___ Source information ___
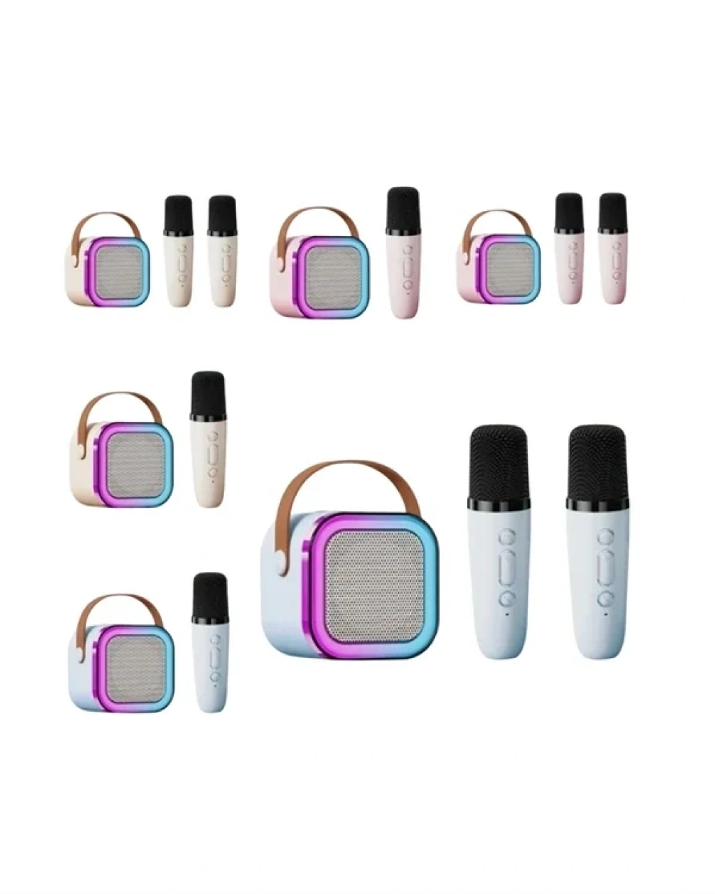 Bu mini karaoke hoparlör, eğlenceyi taşınabilir hale getiriyor. Kompakt boyutları, saplı yapısı ve hafifliği sayesinde dış mekanlarda da rahatlıkla kullanılabilir. Plajda, parkta, piknikte veya tatilde müziğin keyfini çıkarabilirsiniz. Üründe iki adet kablosuz mikrofon bulunur. Mikrofonlardan birinde 5 farklı ses efekti vardır. Bu efektler çocuklar için oldukça eğlencelidir. Cihazda Bluetooth 5.0 bağlantı sistemi bulunur ve tüm akıllı cihazlarla kolayca uyum sağlar. USB ve AUX girişleri sayesinde farklı müzik kaynaklarından ses alınabilir. Type-C portu sayesinde hızlı şarj olur. Ritimle uyumlu LED ışıklar ortama canlılık katar. Özellikle çocuklar, gençler ve aileler için hem eğlenceli hem de pratik bir çözümdür.
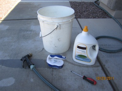 Equipment needed: All I need to clean my screens is a bucket, a nylon brush, a garden hose, a Phillips or slotted screwdriver and dish soap. I have found dish soap (NOT dishwasher detergent!) works best to remove the dirt and buildup without leaving streaks.
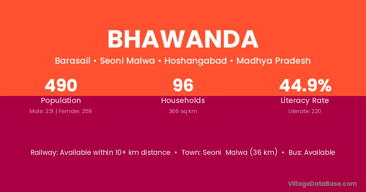 The literacy rate of Bhawanda village is 47.35%. Male literacy stands at 60.60% and female literacy at 32.44%.
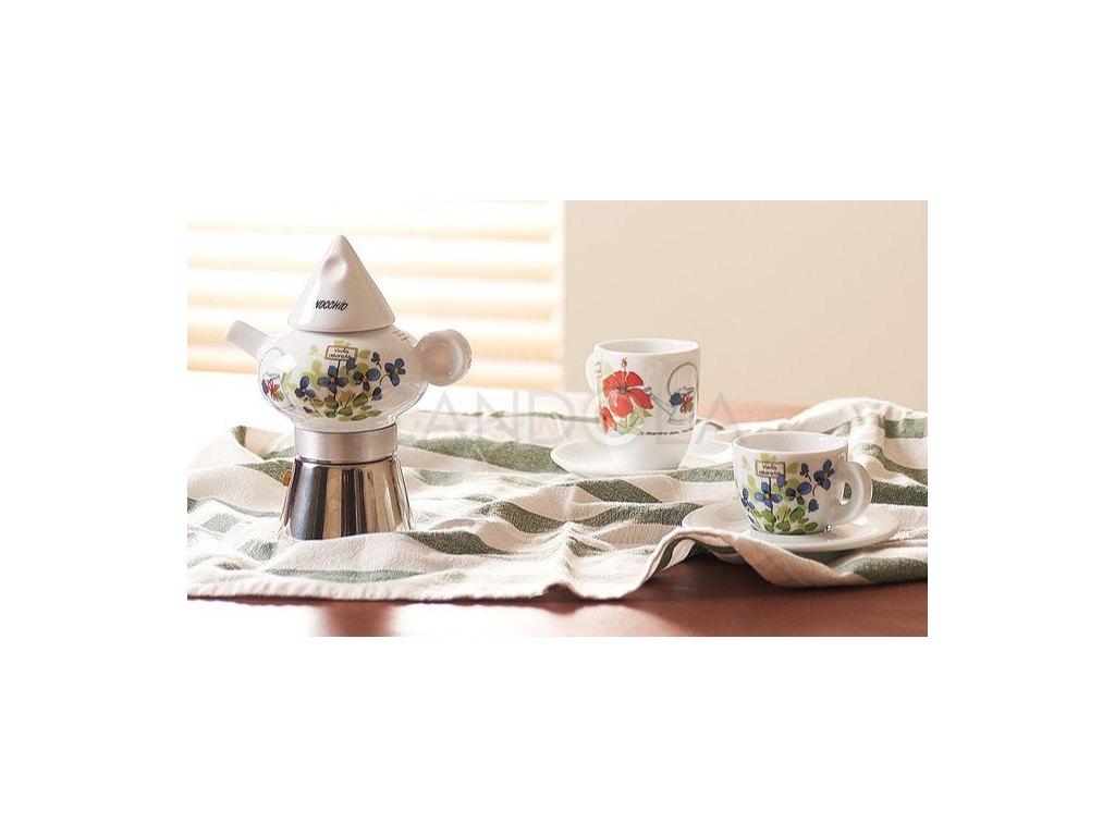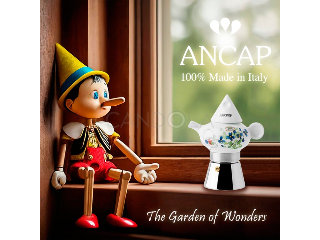 Dekorovaná hrubostenná porcelánová espressina na prípravu talianskeho espressa, s jemným kvetinovým motívom talianskej Záhrady zázrakov, vhodná na použitie na väčšine známych varičov, vrátane klasického sporáka na pevné palivo, plyn, elektrinu. Nie je určená na indukciu. Chuť kávy uvarenej v porcelánovej espressine Ancap nie je negatívne ovplyvnená vylúhovaním pachute hliníka či kovov ako je to pri iných kovových moka kanvičiek bialetek.
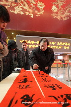 为喜迎2012龙年春节,弘扬中国传统生肖文化,由首都博物馆主办的“祥龙瑞彩——博物馆里过大年”展览开幕式暨“首都书法家书写北京精神”活动于2012年1月18日,在首都博物馆礼仪大堂隆重开幕。
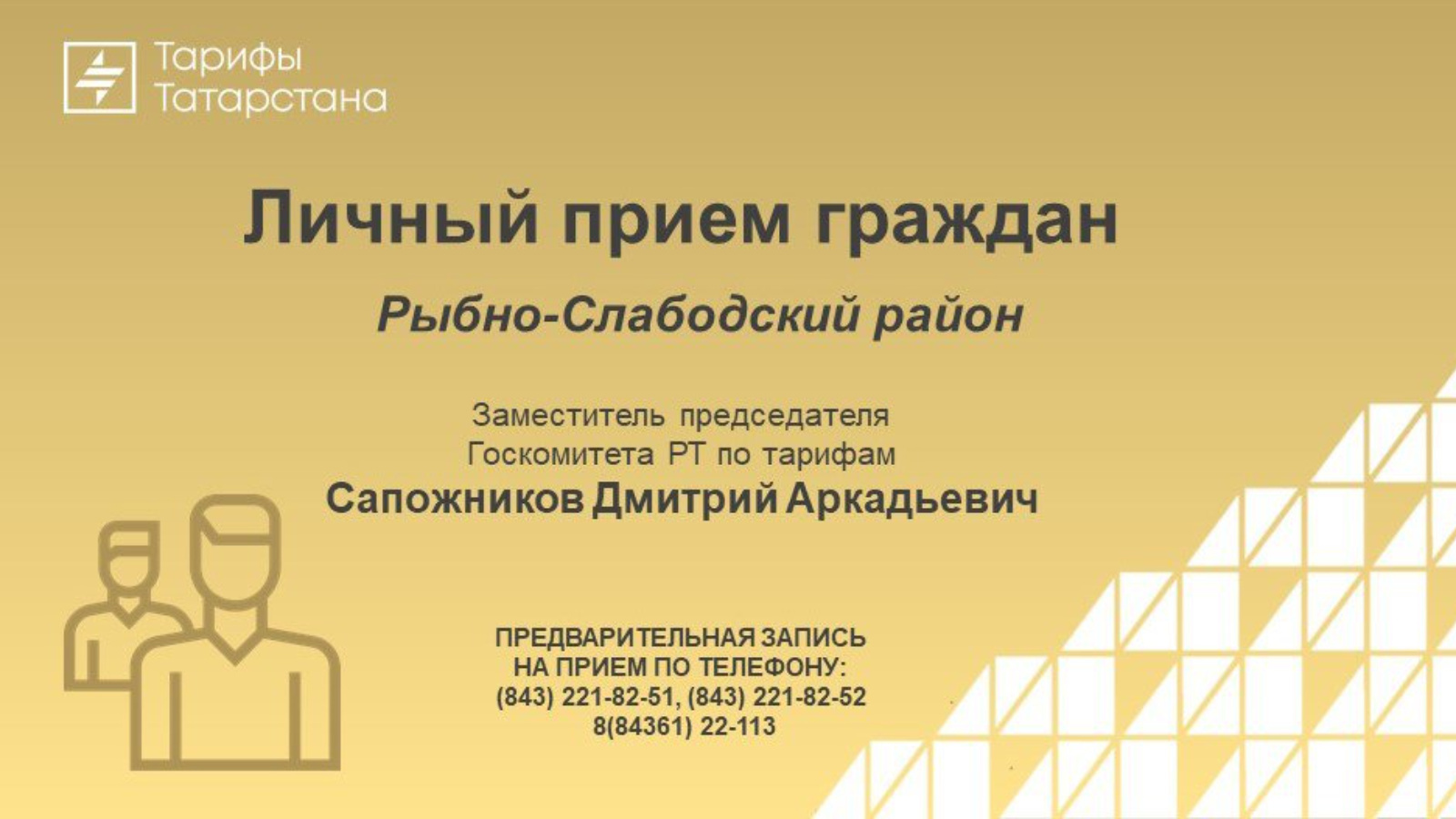 18 февраля 2025 года заместитель председателя Госкомитета РТ по тарифам Дмитрий Сапожников с рабочим визитом посетит Рыбно-Слободский муниципальный район, в ходе которого запланирован личный прием граждан по адресу: 422650, Республика Татарстан, Рыбно-Слободский муниципальный район, пгт.Рыбная Слобода, ул.Ленина, 48.
___
§ Task directions: Produce an exact copy of every line above, with the images left out.

§ Exercise solution:
 Bu mini karaoke hoparlör, eğlenceyi taşınabilir hale getiriyor. Kompakt boyutları, saplı yapısı ve hafifliği sayesinde dış mekanlarda da rahatlıkla kullanılabilir. Plajda, parkta, piknikte veya tatilde müziğin keyfini çıkarabilirsiniz. Üründe iki adet kablosuz mikrofon bulunur. Mikrofonlardan birinde 5 farklı ses efekti vardır. Bu efektler çocuklar için oldukça eğlencelidir. Cihazda Bluetooth 5.0 bağlantı sistemi bulunur ve tüm akıllı cihazlarla kolayca uyum sağlar. USB ve AUX girişleri sayesinde farklı müzik kaynaklarından ses alınabilir. Type-C portu sayesinde hızlı şarj olur. Ritimle uyumlu LED ışıklar ortama canlılık katar. Özellikle çocuklar, gençler ve aileler için hem eğlenceli hem de pratik bir çözümdür.
 Equipment needed: All I need to clean my screens is a bucket, a nylon brush, a garden hose, a Phillips or slotted screwdriver and dish soap. I have found dish soap (NOT dishwasher detergent!) works best to remove the dirt and buildup without leaving streaks.
 The literacy rate of Bhawanda village is 47.35%. Male literacy stands at 60.60% and female literacy at 32.44%.
 Dekorovaná hrubostenná porcelánová espressina na prípravu talianskeho espressa, s jemným kvetinovým motívom talianskej Záhrady zázrakov, vhodná na použitie na väčšine známych varičov, vrátane klasického sporáka na pevné palivo, plyn, elektrinu. Nie je určená na indukciu. Chuť kávy uvarenej v porcelánovej espressine Ancap nie je negatívne ovplyvnená vylúhovaním pachute hliníka či kovov ako je to pri iných kovových moka kanvičiek bialetek.
 为喜迎2012龙年春节,弘扬中国传统生肖文化,由首都博物馆主办的“祥龙瑞彩——博物馆里过大年”展览开幕式暨“首都书法家书写北京精神”活动于2012年1月18日,在首都博物馆礼仪大堂隆重开幕。
 18 февраля 2025 года заместитель председателя Госкомитета РТ по тарифам Дмитрий Сапожников с рабочим визитом посетит Рыбно-Слободский муниципальный район, в ходе которого запланирован личный прием граждан по адресу: 422650, Республика Татарстан, Рыбно-Слободский муниципальный район, пгт.Рыбная Слобода, ул.Ленина, 48.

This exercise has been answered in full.